For each record that follows, give it back exactly, with no pictures included.

========

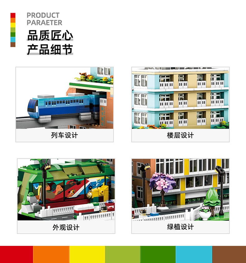 Wange 빌딩 블록 광장 충칭 리지바 역 중국 빌딩 모델 작은 입자 빌딩 장식품 호환 5245
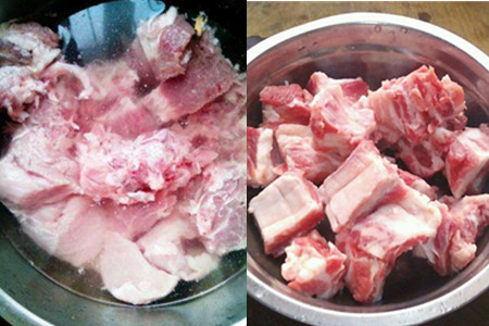 2、先将从超级市场买回的新鲜的排骨浸泡在清水里,以去除排骨上的污血。浸泡的过程中,要反复地更换清水。把泡好的排骨捞出摆在菜板上,用刀斩成小块状。
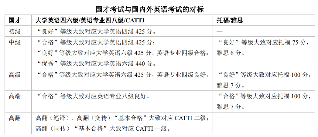 国才考试为标准参照性考试, 不设置通过率。考生成绩只要达到相应等级标准,即可获得该等级证书。国才初级、国才中级、国才高级、国才高端的考试成绩分为优秀、良好、合格、不合格四个等级,成绩达到合格及以上者,方可获得证书。国才高翻的考试成绩分为优秀、合格、基本合格、不合格四个等级,成绩达到基本合格及以上者,方可获得证书。
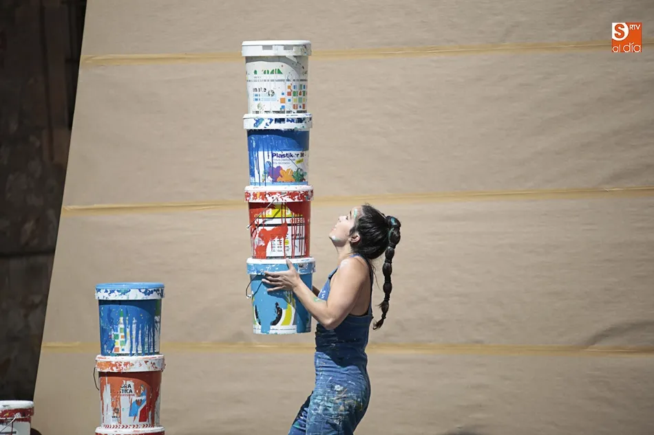 La compañía ha sorprendido al público con destrezas como pintar con los pies, hacer equilibrios imposibles y cantar en posturas muy raras que nos hacen ver que al fin y al cabo la brocha está en nuestras manos y podemos pintar la realidad que más nos guste, porque todos tenemos derecho a decidir los colores que queremos que nos rodeen. Un espectáculo de contorsión, acrobacia, danza y teatro que ha llegado a Salamanca de la mano del Festival Fácyl.
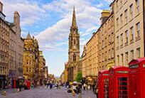 History and beauty come together in the city of Edinburgh. Arrive at Princes Street, with its array of fine stores on one side, and the beautifully laid-out formal gardens on the other. Visit the imposing Edinburgh Castle, home of Scottish Kings and Queens for centuries, perched on its rocky site 445 feet above the city. See the 15th-century Old Royal Palace which houses the Scottish Crown Jewels and the apartment in which Mary, Queen of Scots gave birth to the future King James VI of Scotland who also became James I of England. This castle has witnessed many tense moments in its thousand-year history. Take a drive through the Old Town, and see the historical area known as the "Royal Mile," Castlehill, Lawnmarket, High Street and Canongate with delightful multi-storied houses and quaint side streets. Pass spectacular Holyrood House, the official Scottish residence of the Queen and the new Scottish Parliament building.
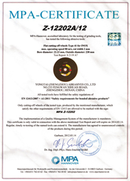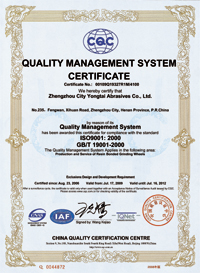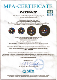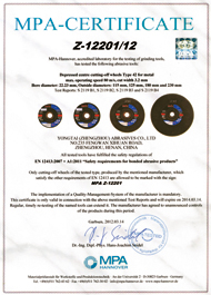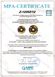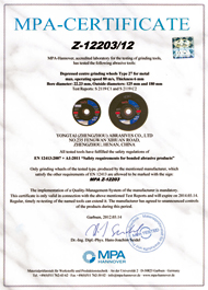 In 2000, Yongtai Abrasive passed ISO9000 Quality Management System certified by the International Organization for Standardization. Our products were tested and certified by Germany MPA Hannover for safety from 2003. We fulfilled the requirement of "EN 12413 Safety requirement for bonded abrasive products" set by the European Safety Standard from 2005.
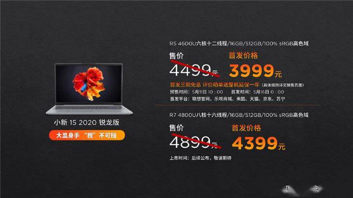 IT之家5月15日消息 在今晚的线上发布会上,联想正式发布了小新 Air 14 2020锐龙版和小新15 2020锐龙版,两款价格相同,R5 4600U+16GB内存+512GB SSD,售价3999元。

========

Answer to this task
 Wange 빌딩 블록 광장 충칭 리지바 역 중국 빌딩 모델 작은 입자 빌딩 장식품 호환 5245
 2、先将从超级市场买回的新鲜的排骨浸泡在清水里,以去除排骨上的污血。浸泡的过程中,要反复地更换清水。把泡好的排骨捞出摆在菜板上,用刀斩成小块状。
 国才考试为标准参照性考试, 不设置通过率。考生成绩只要达到相应等级标准,即可获得该等级证书。国才初级、国才中级、国才高级、国才高端的考试成绩分为优秀、良好、合格、不合格四个等级,成绩达到合格及以上者,方可获得证书。国才高翻的考试成绩分为优秀、合格、基本合格、不合格四个等级,成绩达到基本合格及以上者,方可获得证书。
 La compañía ha sorprendido al público con destrezas como pintar con los pies, hacer equilibrios imposibles y cantar en posturas muy raras que nos hacen ver que al fin y al cabo la brocha está en nuestras manos y podemos pintar la realidad que más nos guste, porque todos tenemos derecho a decidir los colores que queremos que nos rodeen. Un espectáculo de contorsión, acrobacia, danza y teatro que ha llegado a Salamanca de la mano del Festival Fácyl.
 History and beauty come together in the city of Edinburgh. Arrive at Princes Street, with its array of fine stores on one side, and the beautifully laid-out formal gardens on the other. Visit the imposing Edinburgh Castle, home of Scottish Kings and Queens for centuries, perched on its rocky site 445 feet above the city. See the 15th-century Old Royal Palace which houses the Scottish Crown Jewels and the apartment in which Mary, Queen of Scots gave birth to the future King James VI of Scotland who also became James I of England. This castle has witnessed many tense moments in its thousand-year history. Take a drive through the Old Town, and see the historical area known as the "Royal Mile," Castlehill, Lawnmarket, High Street and Canongate with delightful multi-storied houses and quaint side streets. Pass spectacular Holyrood House, the official Scottish residence of the Queen and the new Scottish Parliament building.
 In 2000, Yongtai Abrasive passed ISO9000 Quality Management System certified by the International Organization for Standardization. Our products were tested and certified by Germany MPA Hannover for safety from 2003. We fulfilled the requirement of "EN 12413 Safety requirement for bonded abrasive products" set by the European Safety Standard from 2005.
 IT之家5月15日消息 在今晚的线上发布会上,联想正式发布了小新 Air 14 2020锐龙版和小新15 2020锐龙版,两款价格相同,R5 4600U+16GB内存+512GB SSD,售价3999元。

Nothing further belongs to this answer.